Provided records.
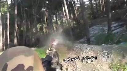 Una enorme nube de polvo envuelve al puñado de soldados del Ejército sirio mientras se cubren las orejas para evitar que el estruendo les reviente los tímpanos. Tras un breve ajuste de coordenadas, regresan al lanzacohetes insertando una nueva carga. A pocos metros a su izquierda, el disparo de un misil retumba dejando un destello detrás. El impacto levanta otra columna de polvo y humo esta vez a siete kilómetros del puesto de artillería. Se trata de la localidad de Hawarin, donde decenas de yihadistas del Estado Islámico (ISIS, por sus siglas en inglés) intentan contener el avance de las tropas regulares para retomar Palmira. La respuesta de los yihadistas no se hace esperar con una lluvia de morteros.
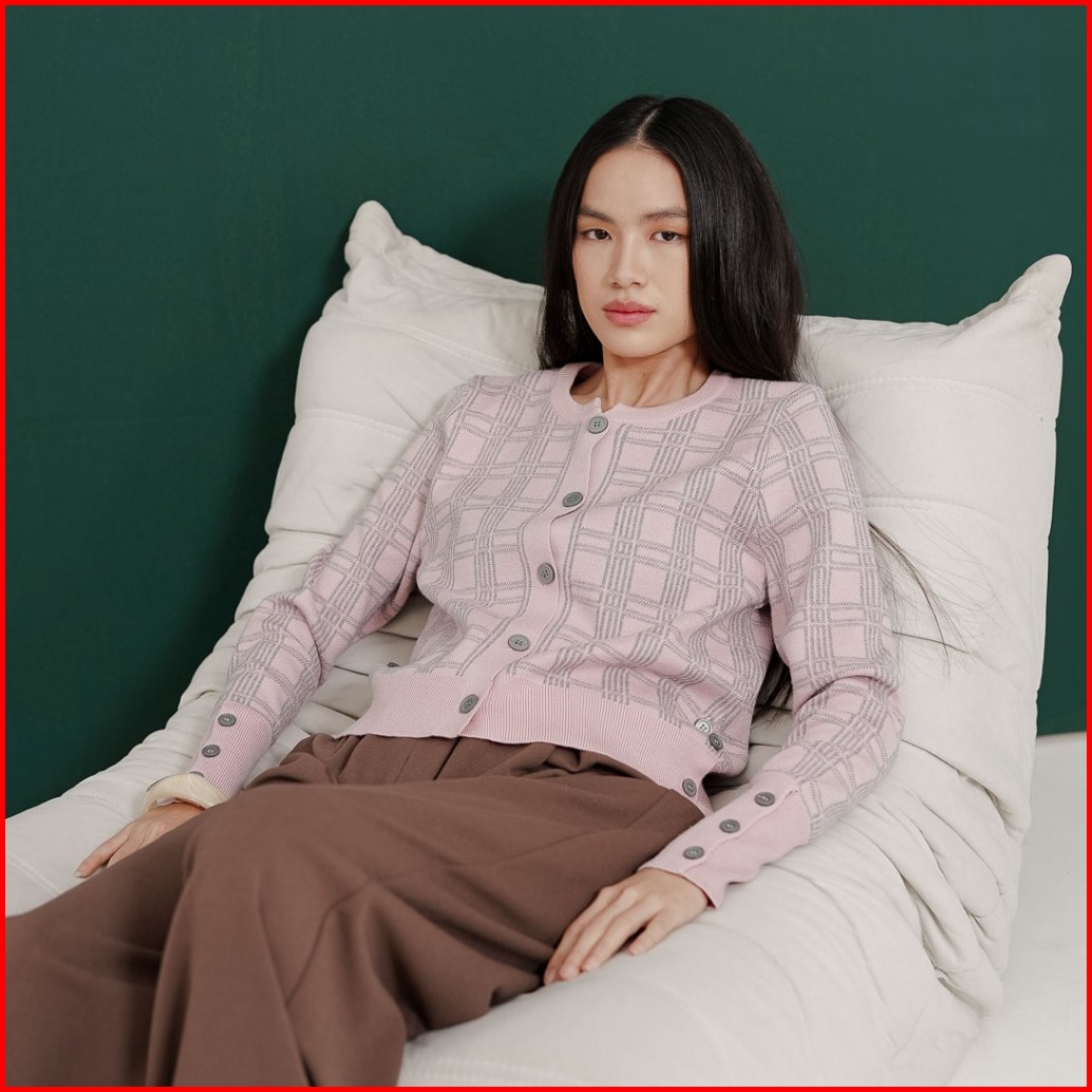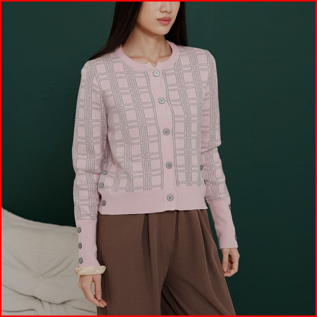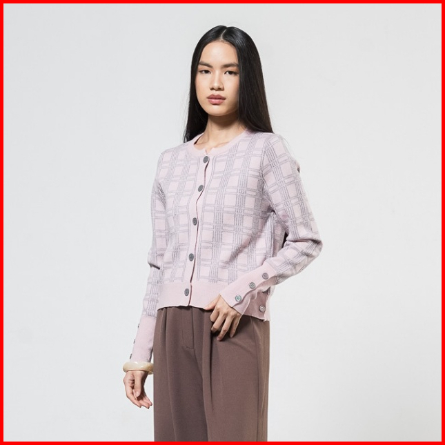 This Is April Baju Atasan Cardigan Rajut Tartan Lengan Panjang Rachel Cardigan Pink 60020500
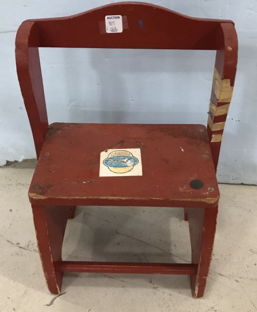 Small red painted doll chair, 16"h. Small red painted doll chair, 16"h.
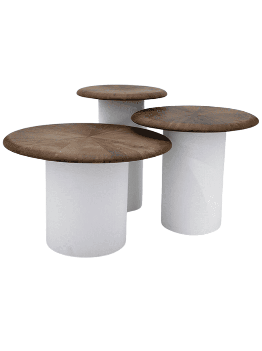 הפלטות המעוגלות מונחות על בסיסי גליל ממתכת בגוון אייבורי נקי, היוצר ניגודיות מרעננת לעץ החמים. בזכות המבנה המדורג, הסט מעניק גמישות עיצובית אינסופית – ניתן להשתמש בהם כקבוצה דומיננטית במרכז הסלון או לפזר אותם כנקודות שונות ברחבי הבית. אלו שולחנות שמשלבים אסתטיקה של לופט מודרני עם רכות של חומרים מהטבע.
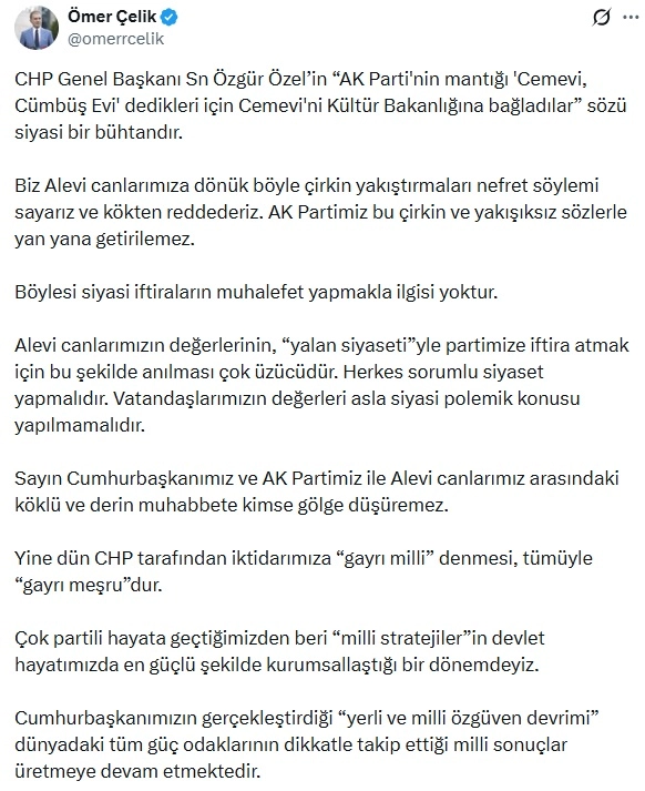 AK Parti Genel Başkan Yardımcısı ve Parti Sözcüsü Ömer Çelik, sosyal medya hesabından yaptığı açıklamada, "CHP Genel Başkanı Sayın Özgür Özel’in 'AK Parti'nin mantığı 'Cemevi, Cümbüş Evi' dedikleri için Cemevi'ni Kültür Bakanlığına bağladılar' sözü siyasi bir bühtandır. Biz Alevi canlarımıza dönük böyle çirkin yakıştırmaları nefret söylemi sayarız ve kökten reddederiz. AK Partimiz bu çirkin ve yakışıksız sözlerle yan yana getirilemez. Böylesi siyasi iftiraların muhalefet yapmakla ilgisi yoktur. Alevi canlarımızın değerlerinin, 'yalan siyaseti'yle partimize iftira atmak için bu şekilde anılması çok üzücüdür. Herkes sorumlu siyaset yapmalıdır. Vatandaşlarımızın değerleri asla siyasi polemik konusu yapılmamalıdır. Sayın Cumhurbaşkanımız ve AK Partimiz ile Alevi canlarımız arasındaki köklü ve derin muhabbete kimse gölge düşüremez" ifadelerini kullandı.
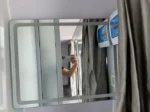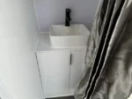 Lavabo avec mitigeur, meuble bas et miroir.
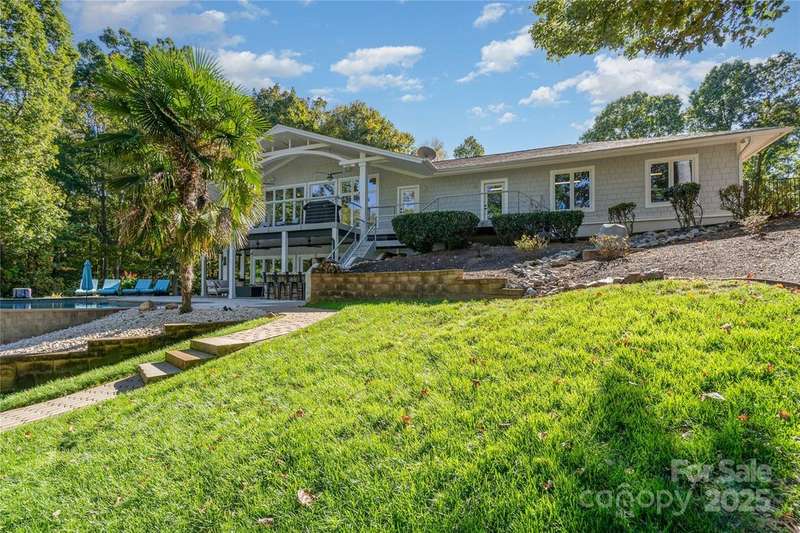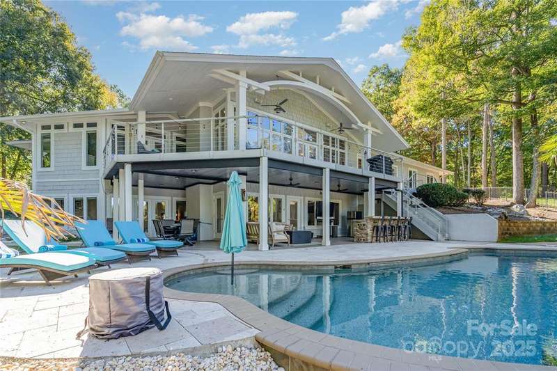 Simply Stunning and Pristine Oasis. This BEAUTIFUL 3 Bedroom 3.5 Bath waterfront home is ideal for home buyers seeking an updated modern yet classic design home retreat on a large lot & location extraordinaire with NO HOA. The list of features is extensive. Main level Primary Suite featuring it's own private deck and a spacious spa like shower and a relaxing soaking tub. Chefs kitchen area with high end appliances and a bonus 100 bottle wine refrigerator and Miel coffee station. Main level Flex room with new built in Murphy bed. Incredible long range water views from a multitude of rooms on all levels and an expansive main level wrap around deck. Two lower level bedrooms suites with generous walk in closets and a family room space with new wet bar. Let's go outside for an incredible NEW outdoor kitchen and gorgeous newly converted salt water infinity pool. New propane tank (buried), new lower level LVP, new paint throughout including garage, new under deck ceiling, new gutter leaf guards, new vapor barrier in crawl spaces, ,water softener show the care recently given to this beautiful gem. Owners currently in process of dock permit transfer.
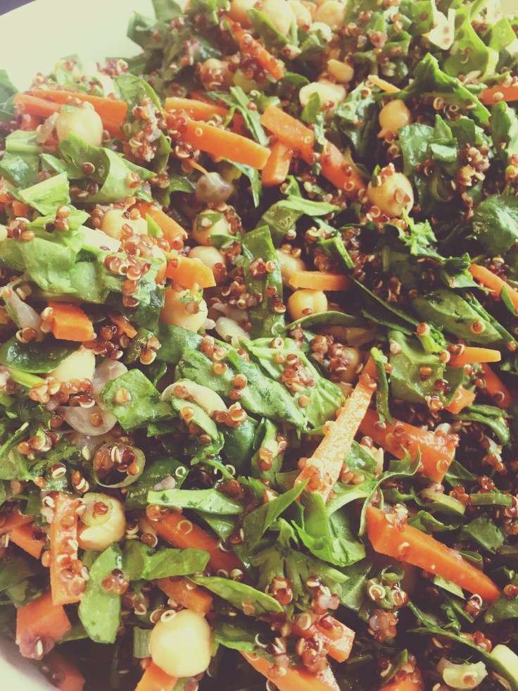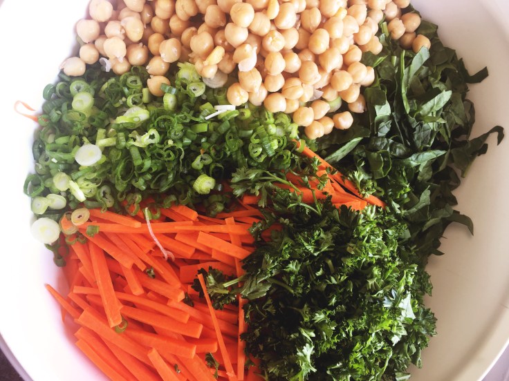 in a large bowl, add the chickpeas, spinach, carrots, green onions, parsley and tomatoes
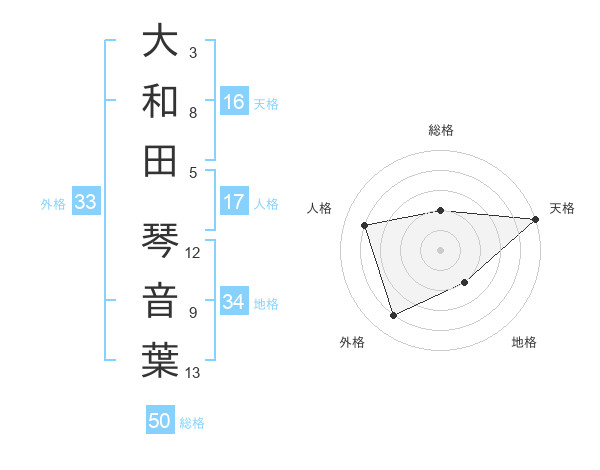 大和田 琴音葉さんの総格は50画の2点!
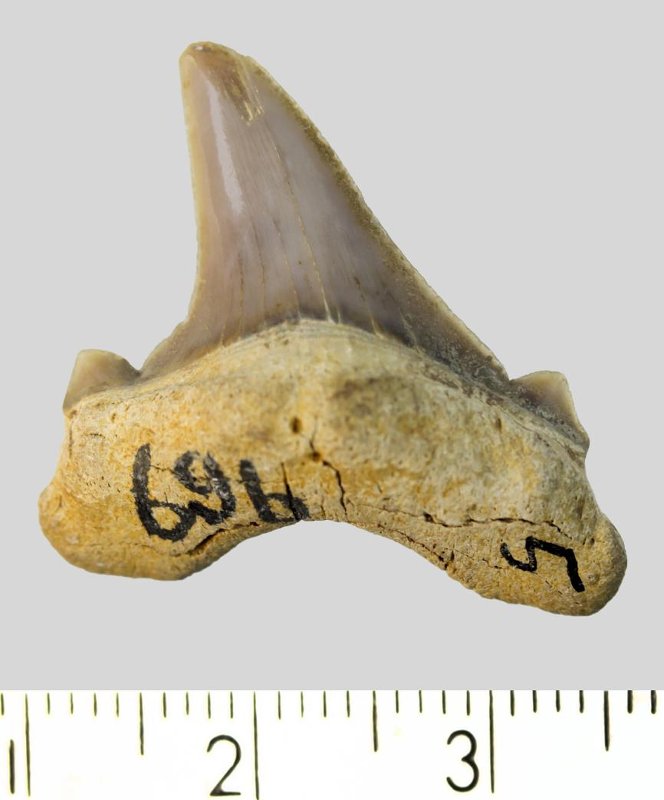 Зуб. Акула. Cretoxyrhina denticulata (Glueckman, 1957). Классификация: Хордовые Chordata, Позвоночные Vertebrata, Хрящевые рыбы Chondrichthyes, Пластиножаберные Elasmobranchii, Акулы Selachii, Ламнообразные Lamniformes, Cretoxyrhinidae
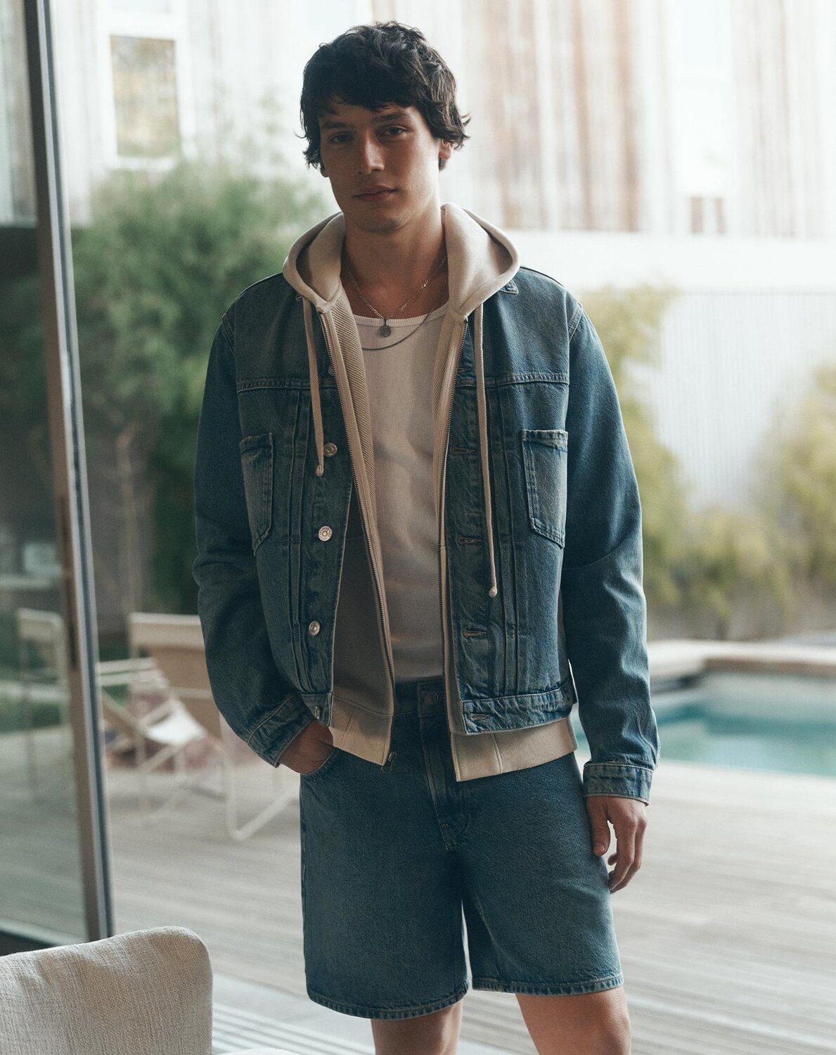 Featuring the Darnell Short in Scooter worn with the Sorden Tee in White, Avon Hoodie in Washed Vanilla Bean and Tobin Jacket in Scooter.
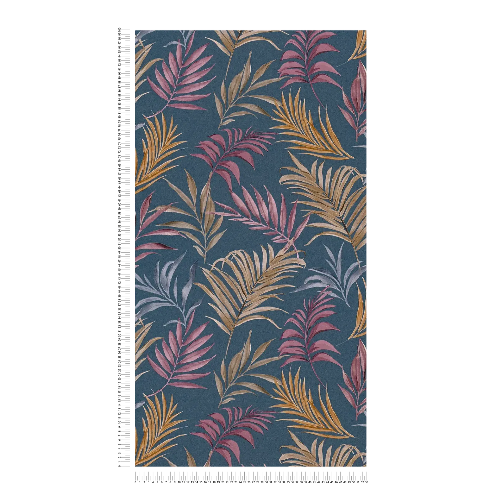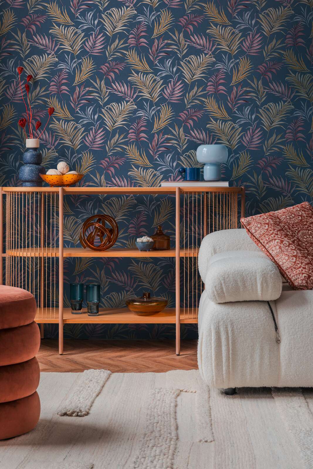 Selle tapeedi muster koosneb lõdvalt paigutatud, stiliseeritud palmi- ja sõnajalgadest, mis on hajutatud rikkalikul, sügavsinisel taustal. Lehed on kujutatud harmoonilises värvipaletis, kus domineerivad soe sinepikollane, vaikne lilla, sinilillat ja jahe hallsinine. Kontuurid ja varjundid loovad maalilise, akvarellilaadse efekti, mis annab motiividele kerguse ja peaaegu tekstiilsügavuse. Värvid on elegantsed ja rahustavad, samal ajal kui lilleline kujundus loob troopilise, eksootilise atmosfääri. Kokkuvõttes annab tapeet tasakaalustatud moodsuse ja loodusläheduse tunnet, kus jaheda tausta ja soojade, mahedate lehevärvide kombinatsioon loob hubase, kuid samas stiilse ruumiefekti.

Goal of the exercise. Only one part of the material above is wanted: the lines from the one with "大和田 琴音葉さんの総格は50画の2点!" up to and including the one with "Зуб. Акула. Cretoxyrhina". Please copy them exactly, pictures left out.

Written response.
 大和田 琴音葉さんの総格は50画の2点!
 Зуб. Акула. Cretoxyrhina denticulata (Glueckman, 1957). Классификация: Хордовые Chordata, Позвоночные Vertebrata, Хрящевые рыбы Chondrichthyes, Пластиножаберные Elasmobranchii, Акулы Selachii, Ламнообразные Lamniformes, Cretoxyrhinidae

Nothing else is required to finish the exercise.